Or promote an existing repo row — copy, not move: the repo row stays and still wins locally.

memhub fact promote 12 --global
memhub decision promote 8 --global

An agent can never write global on its own. Its only route is a staged proposal you accept: the MCP propose_fact / propose_decision tools take an optional global=true, which lands in this repo's pending_writes tagged for the global target. It becomes durable in ~/.memhub/global.sqlite only when you run memhub review accept. One bad global write would poison every repo on the machine, so the global write path is deliberately never agent-automatic — there is no global option on the MCP doc_add tool at all.

Recall merges, then you arbitrate. When the repo is enabled, recall blends global hits with repo hits and reranks the unified pool in one pass. Every hit carries a scope of "repo" or "global". memhub never silently drops a global hit and does no automatic conflict resolution — it hands you the provenance and the agent applies repo-overrides-global, exactly the way a repo CLAUDE.md overrides the global one.

The global store inherits the active repo's [retrieval] config — it has no settings of its own, so an FTS-mode repo does an FTS-only global gather. Like ingested docs, it is not included in memhub export; it's per-machine. On another machine, re-enable and re-add from source. /global wraps all of this as a slash command.


Moving between machines

memhub state is machine-local by default — the database, embeddings, and rendered markdown are all gitignored. Only code and migrations travel with the repo. To carry your memory to another machine:

# on your current machine
memhub export ~/memhub-myproject-backup.json

# move the file (Drive, USB, scp)

# on the new machine, after cloning the repo + installing memhub
memhub init --from-backup ~/memhub-myproject-backup.json
memhub index rebuild   # re-generate embeddings from the imported rows

The export format is versioned JSON. It covers facts, decisions, tasks, commands, pending writes, writes log, session notes, and both narrative tables. Embeddings are excluded — the target machine re-derives them via memhub index rebuild. Ingested docs are also excluded; re-run memhub doc add against the same files on the new machine. The machine-global store (~/.memhub/global.sqlite) is likewise per-machine and not exported — run memhub global enable on the new machine and re-add or re-promote whatever should be global there.

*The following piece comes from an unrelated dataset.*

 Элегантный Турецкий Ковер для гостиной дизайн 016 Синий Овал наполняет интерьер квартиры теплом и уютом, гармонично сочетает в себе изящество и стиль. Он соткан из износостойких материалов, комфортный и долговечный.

Sync across your machines (Google Drive)

The export/import dance above works, but it's manual and it's easy to forget which side is newer. Cross-machine sync is that same flow automated and made fast-forward-aware: your repo's memory follows you between your own machines through a folder that's already syncing — and memhub still never goes online.

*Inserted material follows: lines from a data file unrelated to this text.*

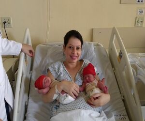 A mulher teve os bebês de parto natural. Eles nasceram na 38ª semana de gestação e passam bem, assim como a mãe, conforme o hospital. Samuel veio ao mundo com 2,810 quilos e 47 centímetros. Sara, que nasceu 22 minutos depois, registrou 2,755 quilos e 48 centímetros.
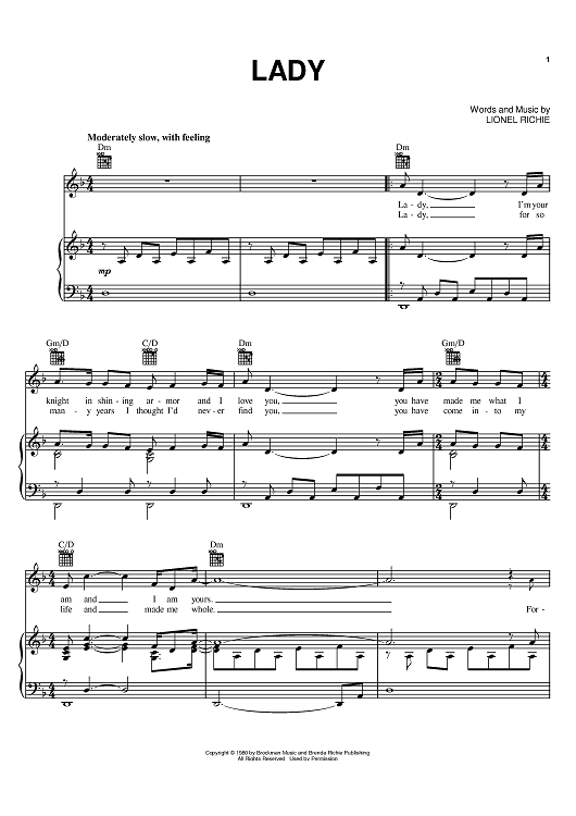 Digital Sheet Music for Lady by Lionel Richie, Kenny Rogers scored for Piano/Vocal/Chords; id:380986
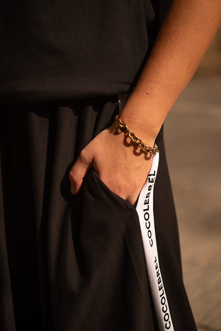 Decorada con bandas blancas en los laterales con mini logos Cocolebrel. Combínala con la bomber street y zapatillas o botas de serraje para un cocolook perfecto.

This is for one person across their own laptop and desktop, not a team. It's off by default and opt-in per repo.

How it works

  • Transport is an OS-level synced folder — not a memhub network call. You point memhub at a local path that Google Drive for Desktop (macOS/Windows) or an rclone mount (Linux) already mirrors to the cloud. memhub only ever reads and writes that local path; Google's app moves the bytes in the background. memhub itself stays fully offline — no account, no API, no base64-over-the-wire.

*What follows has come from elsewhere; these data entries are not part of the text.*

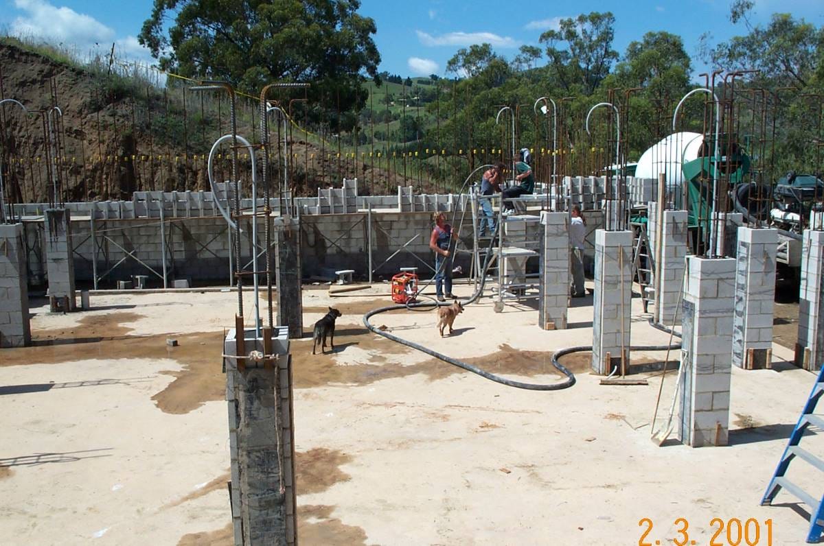 In 1995, after nineteen years of camping and tree planting, Hans and Tillie had a large hole excavated into the hill at the top of their property to begin building Hobbit Hall. They wanted to build a home that would withstand extreme weather events. Building underground meant that the house temperature would be moderated by the having the walls and roof in contact with the earth which is at an all-year-round temperature of 14C regardless of freezing winters or sweltering heatwaves. It could also withstand high winds and be protected from fire. They began pouring concrete in 2000.
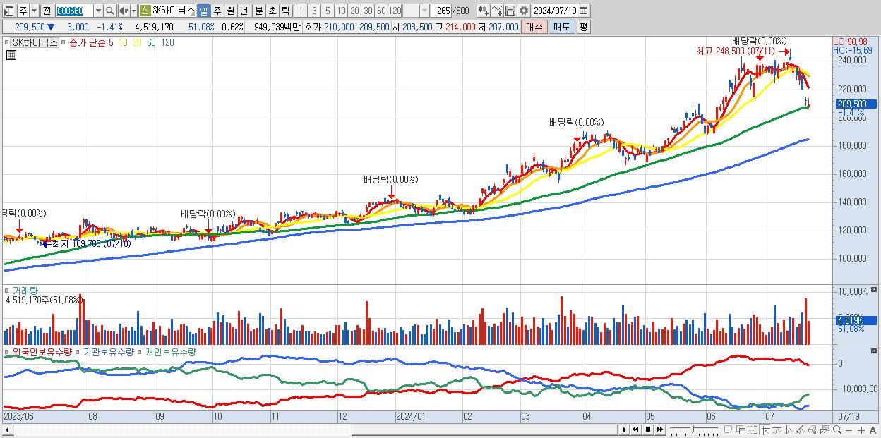 - SK하이닉스 (209,500원 ▼ -1.41% , 시총: 1,525,165억, 거래량: 4,519,170, 거래대금:9,490억)
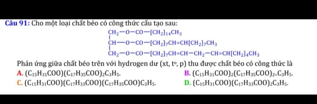 Vậy khi hydrogen hóa hoàn toàn thì sản phẩm thu được chứa:
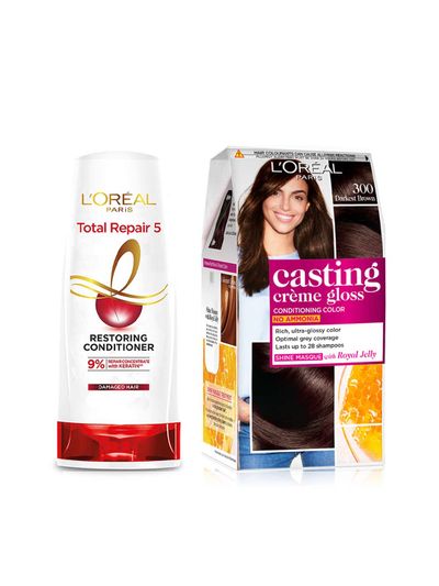 LOreal Paris Total Repair 5 Conditioner 180ml & Casting Creme Hair Color - Darkest Brown
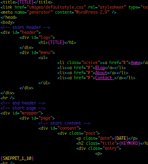 Here is a snippet from the SEO template page, that builds pages appearing to be WordPress 2.9 blog pages (but will redirect victims to the FakeAV page listed in the data.dat file).

  • It syncs a whole-DB snapshot, not a row-by-row merge. A push writes one consistent single-file copy of your database (via SQLite VACUUM INTO) plus a small manifest.json into the synced folder. There's no half-written file to sync up.

  • Divergence is detected like git. memhub compares a logical version — a digest of your durable content, not the raw file bytes (SQLite files aren't byte-stable) — and reports one of five verdicts:

    verdict meaning what you do
    no-remote nothing in the folder yet first run — your next push seeds it
    up-to-date local already matches the folder nothing
    local-ahead this machine is newer push (it happens at /wrap-up)
    drive-ahead another machine pushed newer state pull — a safe fast-forward
    diverged both sides changed since last sync you choose; see below
  • The one lossy case is operator-gated. If both machines changed since the last sync (diverged), adopting the remote copy discards this machine's local-only changes. memhub never does that automatically — it shows you both logical versions and requires an explicit yes. Scope is deliberately single-user: last-writer-wins on a diverged history is the accepted trade, so there's no snapshot history or undo buffer.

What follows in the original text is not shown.